Et c'est alors au gaz... de camping que nous cuisinons, façon de parler. Demain, cinquième journée avec si peu d’électricité... sauf miracle. En tout cas dans notre immeuble, c’est à tour de rôle que nous avons donné à manger à Nina et à Gatoúlis, chats adespotes vivant sous notre immeuble qu’il ne faut surtout pas oublier. Argýris, gatophile attitré de l’immeuble d’en face a même fait mieux. Il a obtenu de sa copropriété, l’autorisation d’ouvrir une partie de la cave pour permettre aux adespotes d’y passer la nuit. Voilà pour le premier miracle, sans doute... et sans l’électricité.

Au gaz... de camping. Athènes, février 2021

Plus au nord en Attique, il n'y a même pas ce minimum d’électricité et parfois, il n'y a plus d'eau non plus comme on sait. Nous souffrons déjà un premier rhume, de mal au dos ; nous comptons surtout sur le retour du soleil... comme autant sur la fin de l'UE. Et c’est vrai que le soleil est revenu bien avant l’électricité ; toujours sans leurs frigidaires, les habitants du quartier font déjà la queue devant la superette pour y trouver... leur bonheur d’urgence. Image... insolite.

Le soleil est revenu. Athènes, février 2021

Ceux de Thessalonique, et plus généralement les Grecs du nord se moquent déjà un peu des problèmes des Athéniens. Certes, disposer de plusieurs engins pour déneiger comme en Thessalie, cela n'a pas de sens à Athènes ; par contre, l’abandon de l’entretien du réseau d’électricité, dont des arbres situés autour des pilonnes compris, c’est une autre chose.

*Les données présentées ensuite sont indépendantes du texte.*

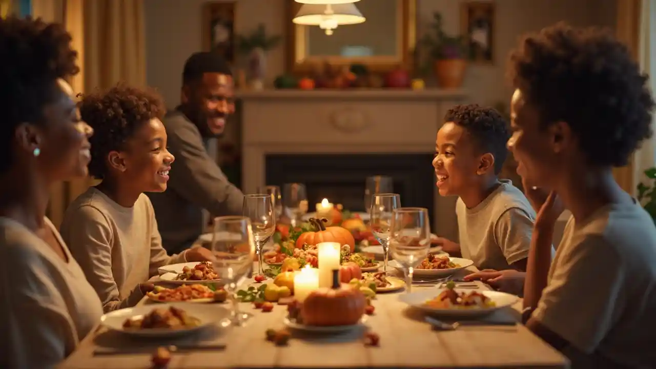 Familia nzuri ya AI nyeusi ikikaa kwenye meza ya chakula cha jioni na kusherehekea Siku ya Shukrani

Personne n’a pensé enterrer le réseau par endroits si besoin, et ensuite, la... découpe de la Régie ex-nationale DEI en quatre branches à moitié privatisées, sa fragilisation, le fait d'avoir divisé son personnel d’origine par deux en plus de la sous-traitance attelée... à sous la sous-traitance, ce sont finalement des choix politiques volontairement assassins, de surcroît européistes dans notre cas. Deux personnes âgées, médicalement et mécaniquement assistées à domicile, sont mortes sur l’île d’Eubée suite au non rétablissement du courant électrique.

Habitants du quartier devant la superette. Athènes, février 2021

Alors... voilà, froid et neige et enfin une meilleure météo dès hier mercredi. Nos deux chats sont pourtant perturbés, surtout Hermès, normalement ils n'ont pas si facilement froid, je n'arrive pas à comprendre.

Ah, le général hiver, le colonel Mitsotákis, la division “Das Reich” européiste, et en plus, ces autres rapaces bien de chez nous. Et dire qu'il y a encore ceux qui se disent patriotes et souverainistes mais qui voient l'UE comme toujours étant... une entité naturelle. De la météo en somme. En attendant, les médias mainstream, reproduisant les déclarations du sociopathe Mitsotákis ont... assuré les Grecs que “le programme de vaccination se poursuivra sans entraves”.

Le pays réel en rigole, déjà que de bien nombreuses doses issues de Pfizer, stockées dans ces congélateurs adéquats à une température de -70 degrés Celsius ont été perdues car les équipiers locaux aux commandes, ont oublié d’acheter des générateurs... contrairement à tous les entrepreneurs sérieux du pays, hôteliers, restaurateurs, bouchers ou épiciers. Kikílias, le ministrion installé à la Santé Publique, ami et protégé des loges maçonniques d’Athènes est aux dires de tous un hébété fini. Visiblement, le niveau n’est plus ce qu’il était, y compris chez les... initiés historiques. Panne... de courant !

Le Parthénon sous un manteau de neige. Athènes, 16 février, presse nationale

Dans la précipitation, et pour ne pas perdre les clients... ceux du gouvernement des malades sanitaires, ont alors vacciné pêle-mêle, de nombreux détenus, ainsi que plusieurs migrants illégaux. Pour certains d’entre eux, les deux doses ont été administrées en même temps, Crash radio le 18 février.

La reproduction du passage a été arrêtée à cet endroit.